The Story Team Field Guide is an email list run by the staff of The Austin Stone Story Team. Through this email list we periodically share storytelling insights, resources, and some of the best content from this site. In the future we will also announce new opportunities or events with our team.
Today we want to share with you some of the resources we have sent out in the Field Guide. If you find these suggestions interesting or helpful, consider signing up for the Field Guide. We’re already working on the next issue.
+ Art for God’s Sake by Phillip Ryken is a good companion to Francis Schaeffer’s Art and the Bible. In this short but powerful read, Ryken issues a call to the church to recover a love for the arts and artists, and for the purposes they were created for.

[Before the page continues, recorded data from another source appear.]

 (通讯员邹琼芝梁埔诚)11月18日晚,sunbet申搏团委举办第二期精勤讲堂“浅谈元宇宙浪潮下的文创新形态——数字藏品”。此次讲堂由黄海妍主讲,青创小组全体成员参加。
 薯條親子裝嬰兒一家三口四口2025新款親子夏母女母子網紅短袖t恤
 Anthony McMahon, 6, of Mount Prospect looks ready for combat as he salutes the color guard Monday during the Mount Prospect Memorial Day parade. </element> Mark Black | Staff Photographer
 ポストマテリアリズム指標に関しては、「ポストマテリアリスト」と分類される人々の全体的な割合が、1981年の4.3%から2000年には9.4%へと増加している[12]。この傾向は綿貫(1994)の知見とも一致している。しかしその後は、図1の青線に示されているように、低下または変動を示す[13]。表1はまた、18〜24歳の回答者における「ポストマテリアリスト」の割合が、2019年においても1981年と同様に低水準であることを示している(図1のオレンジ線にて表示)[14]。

+ The Elements of Style is the go-to resource for writers. Often referred to simply as “Strunk & White” after the authors’ names, this is the starting point when thinking about a personal or house style for any kind of publication. Follow its rules and you will not go wrong.
+ Dedpxl.com/blog is a site that our photographers regularly read and reference. From inspiration and resources, to assignments, critiques, and more, their blog is full of insight from professional photographers working at a high level.

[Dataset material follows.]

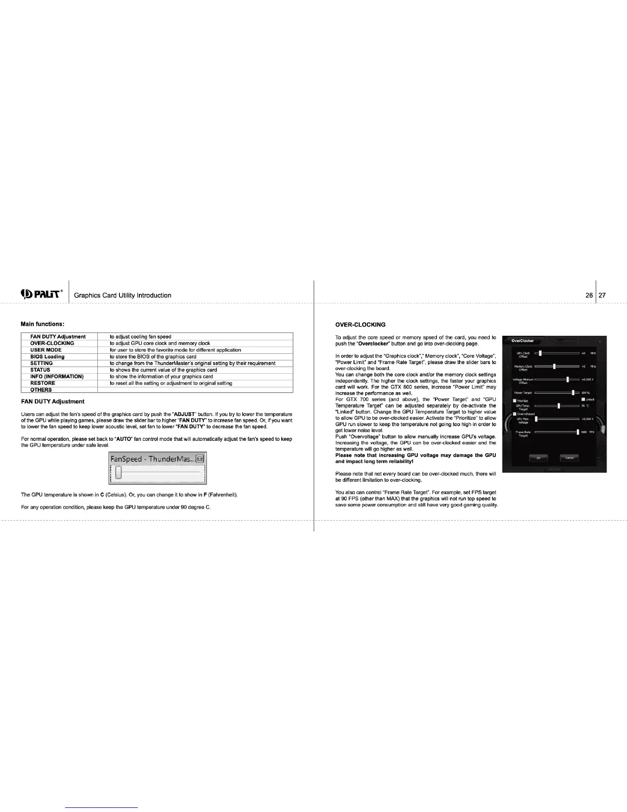 Palit Nvidia GeForce - Fan Duty and Cooling Control; Overclocking Graphics Card Performance
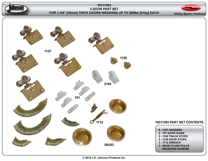 10311383 3-Door Part Set, 1-3/8" [35mm] Door

+ The AP Stylebook is the style manual for working journalists, but many other types of publications use it for style guidance, including our team. The Story Team house style is partly based on AP Style, and we also often reference the Christian Writer’s Manual of Style.
+ Save the Cat! by Blake Snyder might be a surprising pick for us. This book lays out the basics of screenwriting in a very straightforward way. So straightforward in fact, that many screenwriters don’t like it. However, many of us have found large sections of it useful in thinking about how narrative storytelling works and how stories should be structured.
+ Making Ideas Happen by Scott Belsky from 99U is a great read for any creative. Not simply another time management theory or system, this book is an honest examination of why great ideas aren’t pursued through creation. It’s a well deserved kick in the pants for creatives who think that being an artist means not shipping your work.